Now the cost function will be:

\(\bf (y_{*} - X_{*}\beta)^\prime(y_{*} - X_{*}\beta) = (y - X\beta)^\prime(y - X\beta) + \lambda \beta^\prime \beta \tag{1}\)

because there will be \(p\) additional terms of the form \((0 - \nu \beta_i)^2 = \lambda \beta_i^2\)

Inspecting the LHS of Eq.1, the normal equations are:

\(\bf (X_{*}^\prime X_{*})\beta = X_{*}^\prime y_{*}\tag{2}\)

Since \(y_{*}\) just has zeros tagged to the end the RHS of Eq.2 is the same as \(\bf X^\prime y\), and on the LHS, \(\nu^2 I=\lambda I\) results in:

\(\bf (X^\prime X + \lambda I)\beta = X^\prime y.\)

By adjoining \(\bf \nu I\) to \(\bf X\), thereby lengthening them, we are placing the vectors in avlarger space \(\mathbb R^{n+p}\) by including \(p\) "imaginary", mutually orthogonal directions. The first column of \(\bf X\) is given a small imaginary component of size \(\nu\), thereby lengthening it and moving it out of the space generated by the original \(p\) columns. The second, third, ..., \(p^{\text{th}}\) columns are similarly lengthened and moved out of the original space by the same amount \(\nu\)--but all in different new directions. Consequently, any collinearity present in the original columns will immediately be resolved. Moreover, the larger \(\nu\) becomes, the more these new vectors approach the individual \(p\) imaginary directions: they become more and more orthonormal.

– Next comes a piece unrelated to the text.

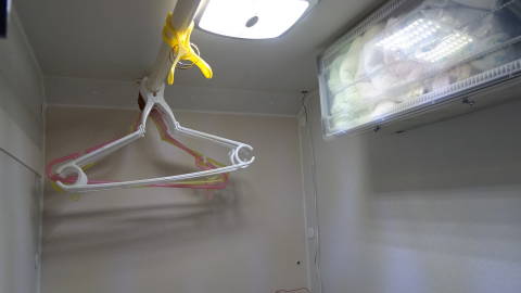 | 上段ベッドです。壁と天井の境で真っ直ぐな平板の木目板は、化粧ベニヤの薄板で、中には配線等が通っていて隠しています。隅にある木材装飾の塊みたいなのは、まだ中に何が入っているのか、それとも機能上必要な強度部材にでもなっているのかわかりません。もし装飾だけであれば取り外す可能性があります。そのすぐ右の四角い白い箱は、後付のサイドオーニングの内側アンカーにカバーをかけたものとのことです。ボディ外板の強度が無いためにこのような工作になっています。 照明は強弱の切替がありますが、強だとLEDですが明る過ぎ、弱だと白熱灯で電気を食いそうです。ここも後日改良予定です。 |

Consequently, the solution of the normal equations will immediately become possible and it will rapidly become numerically stable as \(\nu\) increases from zero.

On the other hand, in Lasso regression we change the constraint so that some coefficient are nullified. Geometrically, the points jutting out are "hit" more often, and in those corners a number of coefficients will be zero, and the variable associated with it will be nullified (sparsification or feature selection).

by minimizing the cost function with the l-\(1\) norm:

\[\underset{\vec \beta}{\text{min}}\Vert \vec y- X\vec \beta\Vert^2_2\text{ such that }\Vert \vec \beta\Vert^1\leq c\]

It will be calculated through Lagrange multiplier, but there will not be an explicit formula for Lasso.